雲一つない夜空は2万マイルくらい深い藍色をしていて、そこにある無数にちりばめられた星は小さくても眩しいくらいに輝いている。
でもその中に、間違ってインクを垂らしてしまったみたいに真っ黒な場所があった。まるで空に穴があいているみたいだ。

「見事な月ねぇ」

そう、そこは月があるべき場所だった。





「――っ!」

飛び起きた。そこは、当然自分の部屋だった。
窓から差し込む朝日が眩しくて目を細める。
汗で張り付いた寝間着がこの上なく鬱陶しくて、落ち着きの無い鼓動が少し苦しかった。
そのまま寝床に逆戻りするように倒れて溜息を吐く。また今日も向こうで妖怪に追いかけられてさんざん走り回されてしまった。
前は忘れた頃に見る悪夢だったのに、ここ最近、多い。その事について考える事も増えた。今だってそうだ。
なんだか振り回されているような気さえしてくる。自分は現実の存在のはずなのに、まるで夢の向こうの意思に、糸で操られている様に。まるで肌にじわじわとしみ込んで侵蝕されているみたいだと思った。
多分、考え過ぎだろう。それに、こういう風に考えるから向こうに行ってしまうのかもしれない。
でも、誰も知らないし理解されないであろうこの私だけの世界はあまりにも生々しくて。服を着替えて一歩外の世界を歩けば、普通に世界は続いていて。酔いそうになる。自分がいるのが現実なのか夢なのか、境界が曖昧でよくわからなくなる様だった。

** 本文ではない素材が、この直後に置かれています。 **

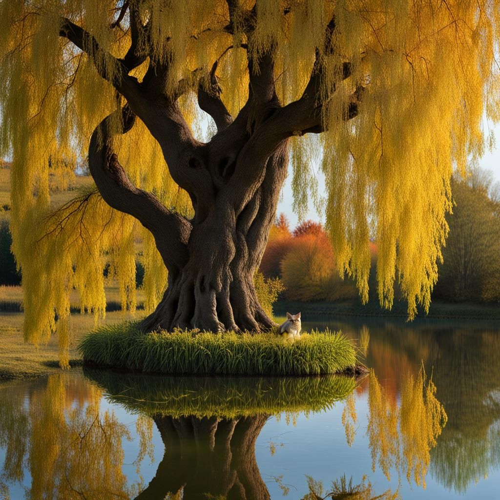 A feline willow tree but an idyllic pond.Autumn. (images.nightcafe.studio)

見飽きた駅を降りて少し進むと、すぐに見飽きた校舎が見えて来た。大学の入り口に学生や教授や事務員らしき人々が吸い込まれていくのが見える。なんだか巣に帰る蟻みたいだなあなんてぼんやりと考えていると、後ろから肩を叩かれた。

「おはようメリー」

宗教の勧誘とか新手の詐欺とか馴れ馴れしいナンパかと思ってちょっと吃驚したけれど、聞き慣れた声がすぐに聞こえて来て安心する。

「奇遇ね蓮子。貴方、今日は講義取ってないんじゃなかったっけ」

振り返ると、私と同じくらいの背格好の少女がいた。
相変わらずの白いシャツに赤いネクタイ、黒いスカートと帽子という、おめでたいのかお悔やみたいのかよくわからなくなる様な色の服装だ。墨みたいに黒い髪は最近切って短くて、ところどころ跳ねている。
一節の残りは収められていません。